September 21, 2006
Empire State Psychological Servs., P.C. v Travelers Ins. Co. (2006 NY Slip Op 51869(U))
Headnote
Reported in New York Official Reports at Empire State Psychological Servs., P.C. v Travelers Ins. Co. (2006 NY Slip Op 51869(U))
Empire State Psychological Servs., P.C. v Travelers Ins. Co. |
2006 NY Slip Op 51869(U) [13 Misc 3d 131(A)] |
Decided on September 21, 2006 |
Appellate Term, Second Department |
Published by New York State Law Reporting Bureau pursuant to Judiciary Law § 431. |
This opinion is uncorrected and will not be published in the printed Official Reports. |
SUPREME COURT OF THE STATE OF NEW YORK
APPELLATE TERM: 2nd and 11th JUDICIAL DISTRICTS
PRESENT: : PESCE, P.J., WESTON PATTERSON and BELEN, JJ
2005-1064 Q C.
against
Travelers Insurance Company, Appellant.
Appeal from a judgment of the Civil Court of the City of New York, Queens County (Howard G. Lane, J.), entered August 10, 2004. The judgment, after a nonjury trial, and upon the denial of defendant’s motion for judgment as a matter of law pursuant to CPLR 4401, awarded plaintiff the principal sum of $1,061.63.
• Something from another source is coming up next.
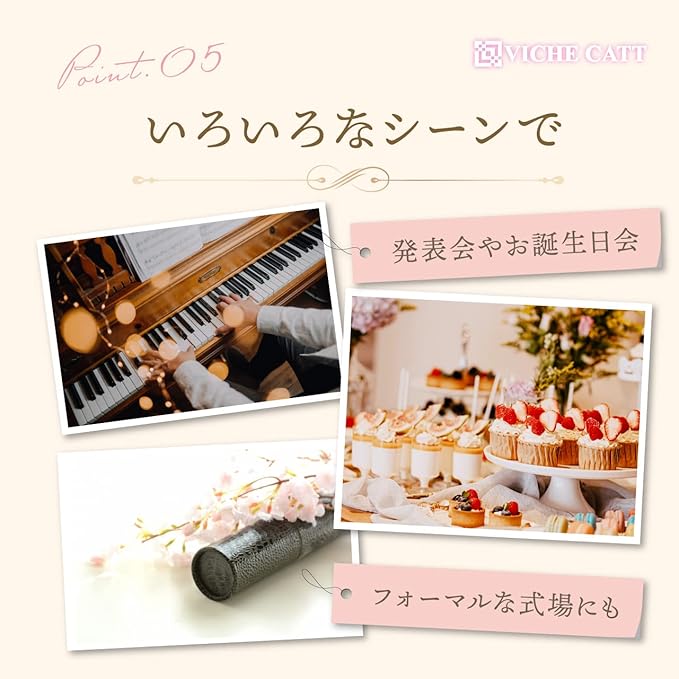 結婚式、パーティー、ピアノの発表会や、七五三、コンサート、入学式、卒業式など、フォーマルな行事からカジュアルなシーンまで、幅広い場面でご使用いただけます。

Judgment reversed without costs, defendant’s motion which was for judgment as a matter of law granted, and complaint dismissed.
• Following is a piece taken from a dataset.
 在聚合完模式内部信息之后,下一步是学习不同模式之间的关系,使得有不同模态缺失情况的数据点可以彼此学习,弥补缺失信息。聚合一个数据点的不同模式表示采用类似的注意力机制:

In this action to recover first-party no-fault benefits for health care services rendered to plaintiff’s assignor, at the close of plaintiff’s case defendant moved pursuant to CPLR 4401 for judgment as a matter of law. The court reserved decision until after defendant presented its case, and then denied the motion, which defendant had renewed, and awarded judgment to plaintiff in the principal amount sought.
Whether considered solely on plaintiff’s proof or upon all the evidence presented, defendant’s motions should have been granted. Plaintiff rested its case without calling any witnesses. As its only proof, plaintiff offered into evidence, without objection, defendant’s [*2]response to a written interrogatory which established only that defendant received from plaintiff several bills on a given date, and that defendant timely denied these bills on the ground of the absence of medical necessity for the health care services provided. As a matter of law, plaintiff failed to establish the fact and the amount of the loss sustained and that payment of no-fault benefits was overdue by proof that it submitted to defendant “prescribed statutory billing forms” (Mary Immaculate Hosp. v Allstate Ins. Co., 5 AD3d 742, 742 [2004]; see Amaze Med. Supply v Eagle Ins. Co., 2
Misc 3d 128[A], 2003 NY Slip Op 51701[U] [App Term, 2d & 11th Jud Dists]) or its substantial equivalent (11 NYCRR 65-3.5 [f]). Accordingly, plaintiff failed to make out a prima facie case.
Pesce, P.J., Weston Patterson and Belen, JJ., concur.